Later still another of Baylor`s memorable gifts to the ongoing life and work of the Christian Life Commission, Leola LaGrone from Tahoka typed a letter from me in which I had dictated a note to the effect that we had finally got the garbed nuns out of the public schools in Bremond. Leola`s typed version came out, "We have finally got the grabbed nuns out of the public schools in Bremond."

And it was Leola who did a P.S. to a letter I had written when we finished building our cabin at Red River, New Mexico, saying, "Everything is finished but the fireplace and the skeptic tank."

Festivity has been a Christian Life Commission signature. It beats crying: Please keep looking up. There must be a pony around here somewhere.
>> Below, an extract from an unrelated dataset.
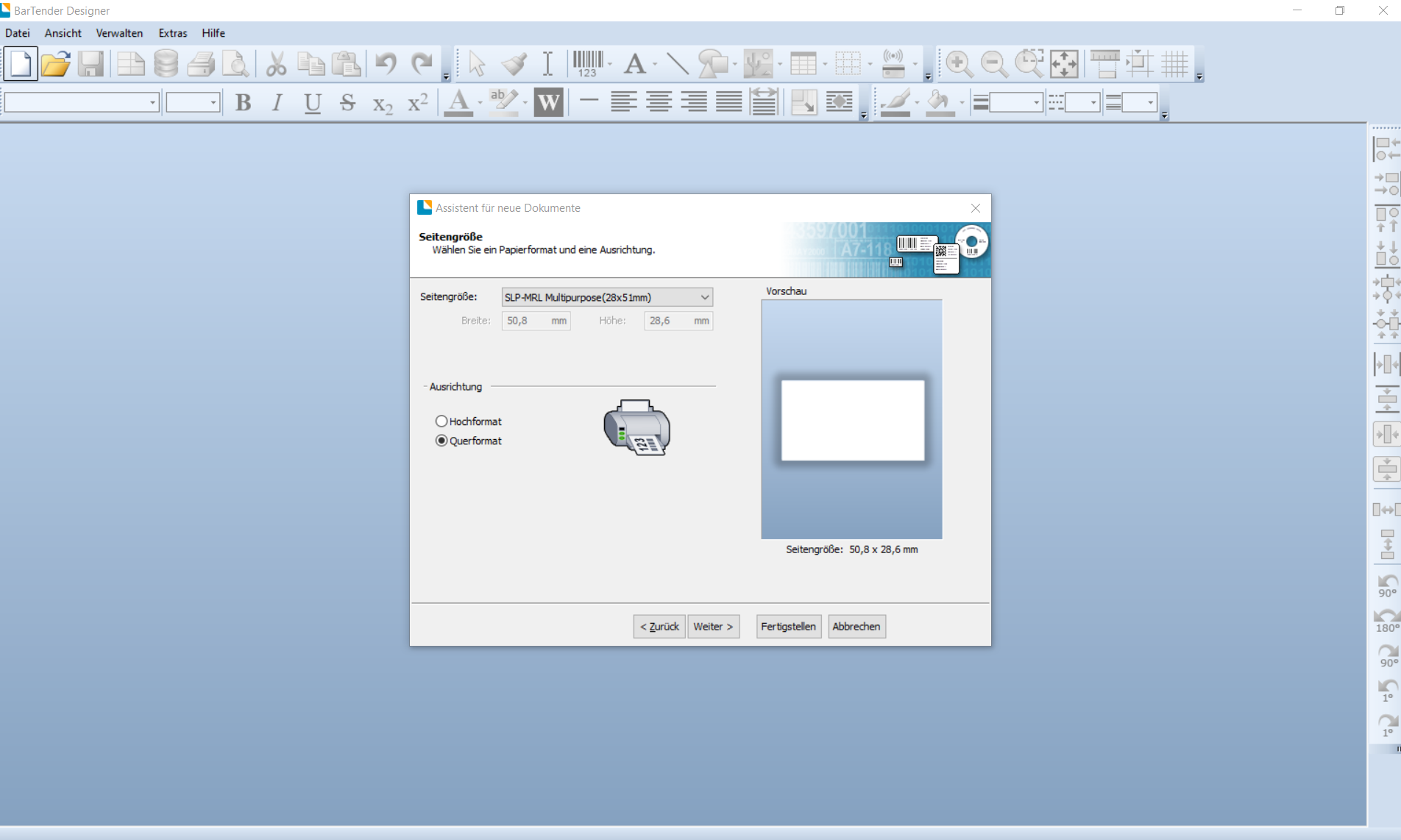 Dadurch, dass der SLP 650 bereits in Windows 10 Installiert und mit dem Standardlabel SLP-MRL eingestellt ist, erkennt "BarTender Designer" diese Einstellungen und schlägt diese vor.
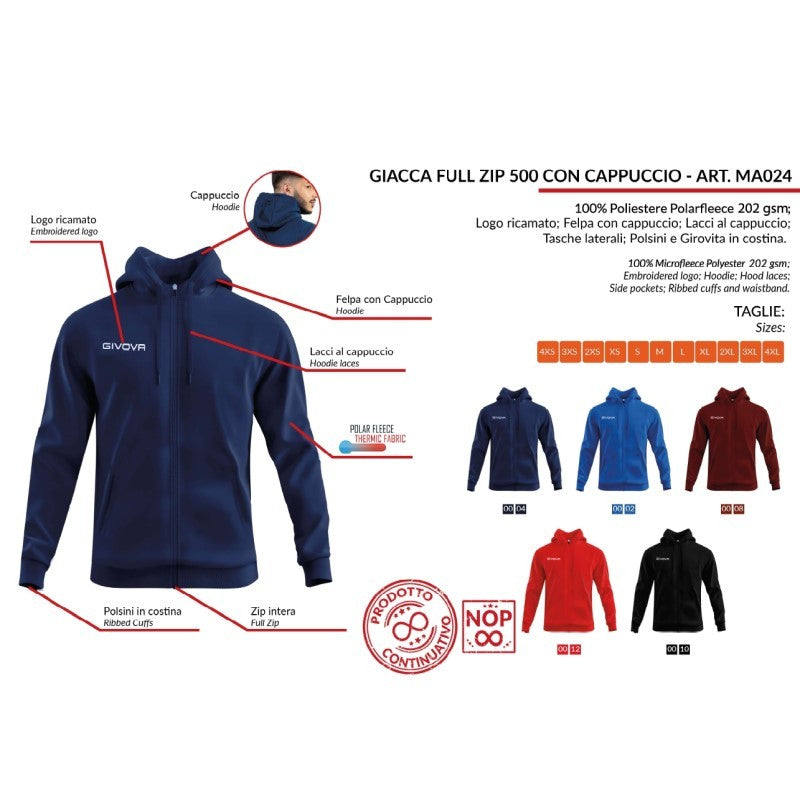 Felpa con Cappuccio Givova MA024 Micropile Full Zip Unisex Rosso MA0240012

And now for a word of hope.

What word shall I speak?

Well. We have come down some crooked lanes and through some dark tunnels to where we are tonight. The achievements have been notable. The victories have been impressive. But we must everlastingly be about our special high calling, to use Immanuel Kant`s word, of straightening the crooked timber of humanity.

So-o-o-o–

I hope that the Christian Life Commission and its now many friends will work with increasing effectiveness to help Baptists be the people of God in a state now without boundaries and in a world without borders.

I hope that your vision of Christian social ethics, of justice and peace, of truth and integrity, of personal morality and public righteousness may be increasingly clear and in focus and effective.

I hope that your prophetic forth-telling of the word of the Lord may be increasingly loud and clear and strong. Hear this word of the Lord, as recorded in Numbers 11:26-28.

So Moses went out and told the people the words of the Lord, and he gathered seventy men of the elders of the people, and placed them round about the tent. Then the Lord came down in the cloud and spoke to him, and took some of the seventy elders; and when the spirit rested upon them, they prophesied. But then they did so no more.

Now two men remained in the camp, one named Eldad, and the other Medad, and the spirit rested upon them; they were among those registered, but they had not gone out to the tent, and so they prophesied in the camp. And a young man ran and told Moses, "Eldad and Medad are prophesying in the camp." And Joshua, the son of Nun, the minister of Moses, one of his chosen men, said, "My lord Moses, forbid them." But Moses said to him, "Are you jealous for my sake? Would that all the Lord`s people were prophets, that the Lord would put his spirit upon them."

We need now to recover the prophethood of all believers, matching our zeal for the priesthood of all believers with a passion for the prophethood of all believers with which we serve as God`s salt, God`s light, and God`s leaven.

I hope the Christian Life Commission will stay focused on Christian social ethics. Don`t both with trying to teach a pig to sing: it wastes your time and it annoys the pig.

And I hope we can all remember, as Cervantes put it, that the road is always better than the inn. Keep moving on and–get going.